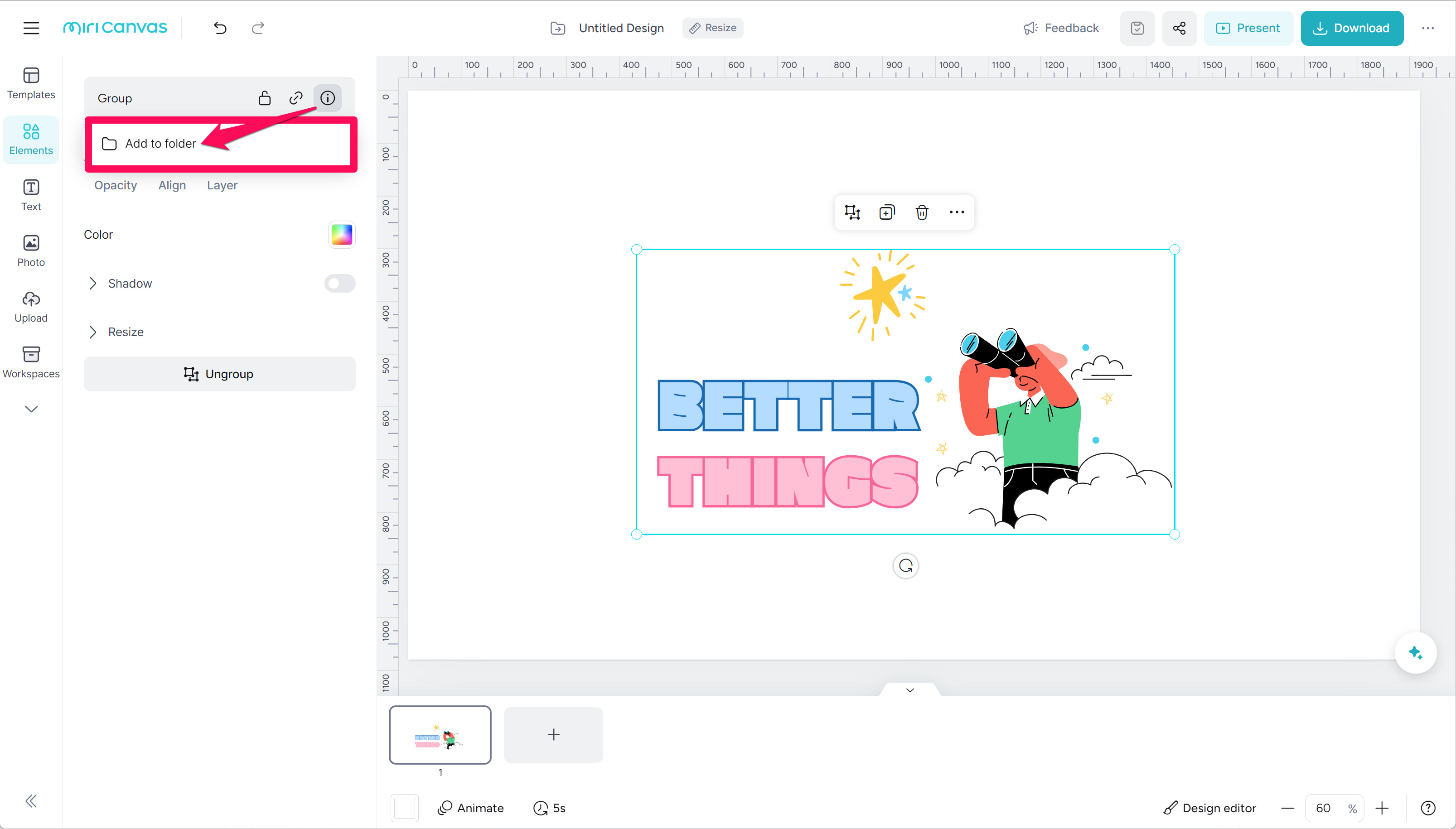 2. elect the grouped element, then click on the element information (ⓘ) at the top left of the menu, and choose "Add to Folder."
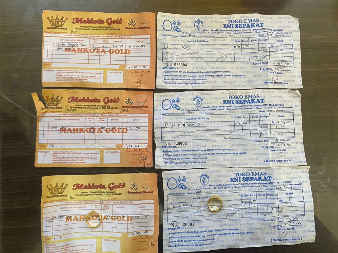 Barang bukti yang diamankan polisi cukup beragam, mulai dari beberapa perhiasan emas seperti cincin, gelang, kalung dengan total berat belasan gram, nota pembelian emas, uang tunai Rp10,9 juta, handphone berbagai merk, hingga perlengkapan seperti dirigen air emas, tabung skomper bensin, selang, mangkuk emas (koi), blencong, dan celengan tabung.
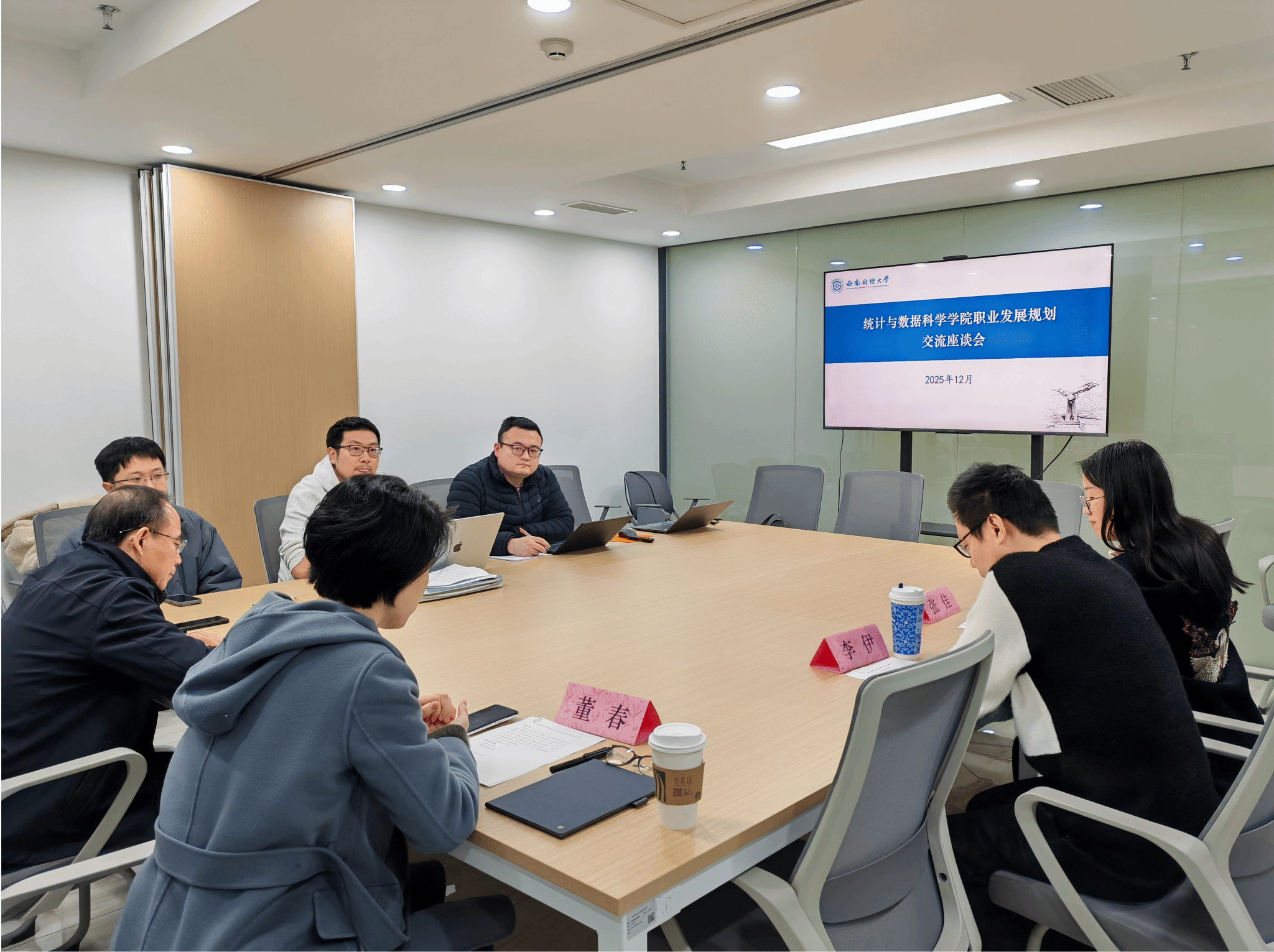 院长郭建军指出,新进教师要主动对接学院学科发展方向,积极融入专业建设与教学科研团队,希望青年教师立足统计与数据科学前沿,快速成长为推动学院高质量发展的新生力量。党委书记董春谈到,新进教师要将个人成长融入学院发展大局,在立德树人和科研创新中彰显责任担当,要积极参与学院各项工作,为学院建设一流学科贡献智慧和力量。
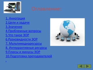 Документ представляет собой пособие, посвященное электронным образовательным ресурсам (ЭОР) в педагогике, описывающее их виды, преимущества и недостатки. Основная цель состоит в ознакомлении педагогов и студентов с возможностями ЭОР и их применением в обучении. Раскрываются проблемные вопросы, связанные с использованием ЭОР в учебном процессе и необходимостью подготовки преподавателей к работе с ними.

■ ■ ■ ■ ■ ■ ■

> **Instructions to follow**
A word-for-word copy is needed, starting at the first line of the listing and ending with the line bearing "Barang bukti yang". No pictures.

> **Answer section**
 2. elect the grouped element, then click on the element information (ⓘ) at the top left of the menu, and choose "Add to Folder."
 Barang bukti yang diamankan polisi cukup beragam, mulai dari beberapa perhiasan emas seperti cincin, gelang, kalung dengan total berat belasan gram, nota pembelian emas, uang tunai Rp10,9 juta, handphone berbagai merk, hingga perlengkapan seperti dirigen air emas, tabung skomper bensin, selang, mangkuk emas (koi), blencong, dan celengan tabung.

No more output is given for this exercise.